• What is being asked
Below are entries with pictures among them; reproduce exactly, and only, the lines from the one containing "HYDERABAD: Journalists are" down to the one containing "In addition to", without the pictures.

________________

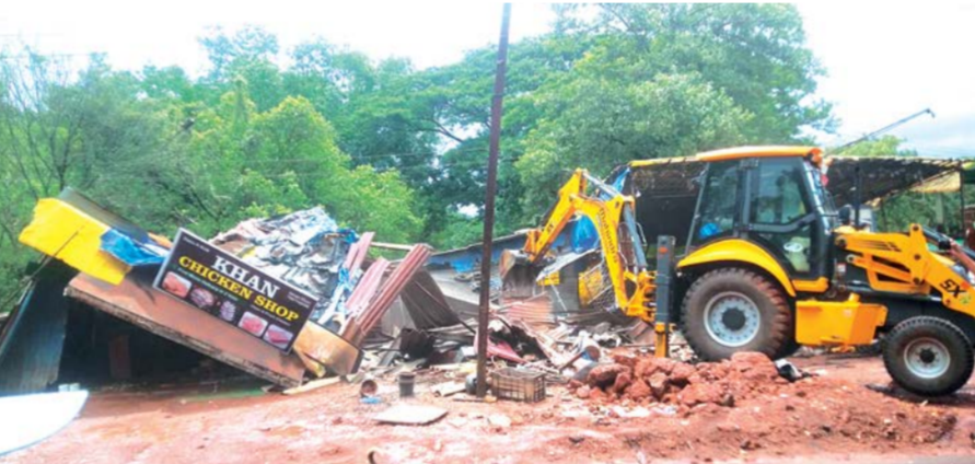
An earthmover in action during the demolition of illegal structures at Curti

Panch Bika Kerkar recalled that an earlier at-
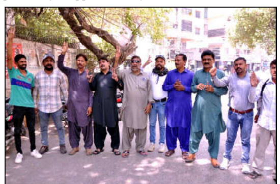
HYDERABAD: Journalists are holding protest demonstration against high handedness of police, at Hyderabad press club.
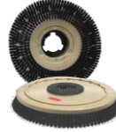
(2)12" Stiff Poly Dual Brush Set A0036-Dual
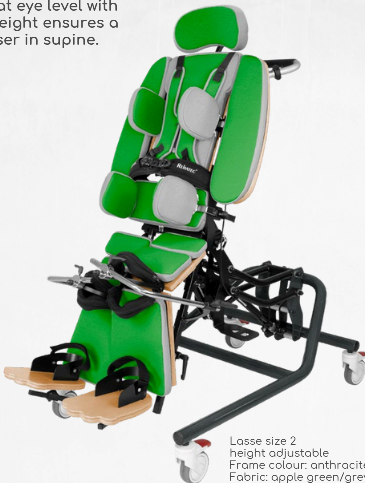
Lasse size 2 height adjustable Frame colour: anthracite grey Fabric: apple green/grey
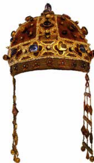
Fig. 19 Cathedral of Palermo in Italy, Crown of Constance of Aragon

In his other portrait, depicted on the south façade of Marko's monastery ( Fig. 17 ), the King has a different facial expression, a different type of crown and outfit 37 , and definitely a different attitude, most probably generated in the specific political circumstances of the historic momentum around 1390 38 . As we have pointed out in one of our previous Niš and Byzantium presentations, the extraordinarily designed image of King Marko on the façade of his endowment in Sušica was painted as a visually structured metaphor of his royal legitimacy after the death of his political rivals in the battle of Kosovo Polje 39 . In that regard, he is holding a replica of the horn with the ointment of which Old Testament Kings were anointed by their coronation 40 . This certainly makes King Marko's portrait in Sušica much more ceremonial than the one in Prilep since the dark purple robe, which says I am no longer in mourning for my dead father , altogether with the massive horn full of ritual ointment, are the main contributors to Marko's solemnly royal ap-
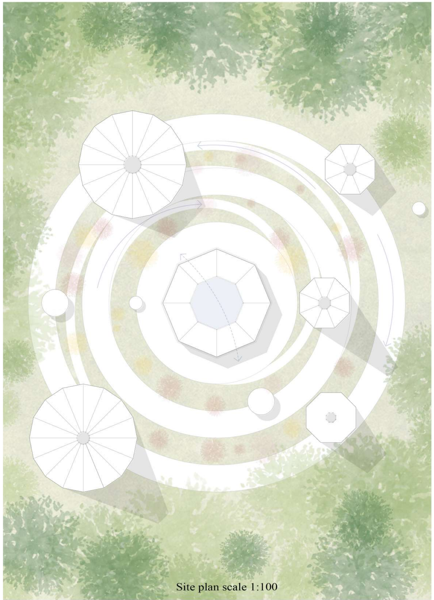
Site plan scale 1:100

In addition to these proposed plants I think it is essential to preserve native plants .
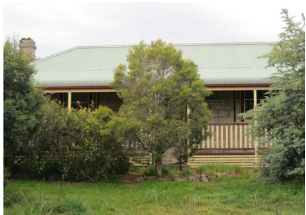
Left: North elevation, as seen from the Calder Alternative Highway. Right: Front (west) elevation.

________________

• Written response
HYDERABAD: Journalists are holding protest demonstration against high handedness of police, at Hyderabad press club.
(2)12" Stiff Poly Dual Brush Set A0036-Dual
Lasse size 2 height adjustable Frame colour: anthracite grey Fabric: apple green/grey
Fig. 19 Cathedral of Palermo in Italy, Crown of Constance of Aragon

In his other portrait, depicted on the south façade of Marko's monastery ( Fig. 17 ), the King has a different facial expression, a different type of crown and outfit 37 , and definitely a different attitude, most probably generated in the specific political circumstances of the historic momentum around 1390 38 . As we have pointed out in one of our previous Niš and Byzantium presentations, the extraordinarily designed image of King Marko on the façade of his endowment in Sušica was painted as a visually structured metaphor of his royal legitimacy after the death of his political rivals in the battle of Kosovo Polje 39 . In that regard, he is holding a replica of the horn with the ointment of which Old Testament Kings were anointed by their coronation 40 . This certainly makes King Marko's portrait in Sušica much more ceremonial than the one in Prilep since the dark purple robe, which says I am no longer in mourning for my dead father , altogether with the massive horn full of ritual ointment, are the main contributors to Marko's solemnly royal ap-
Site plan scale 1:100

In addition to these proposed plants I think it is essential to preserve native plants .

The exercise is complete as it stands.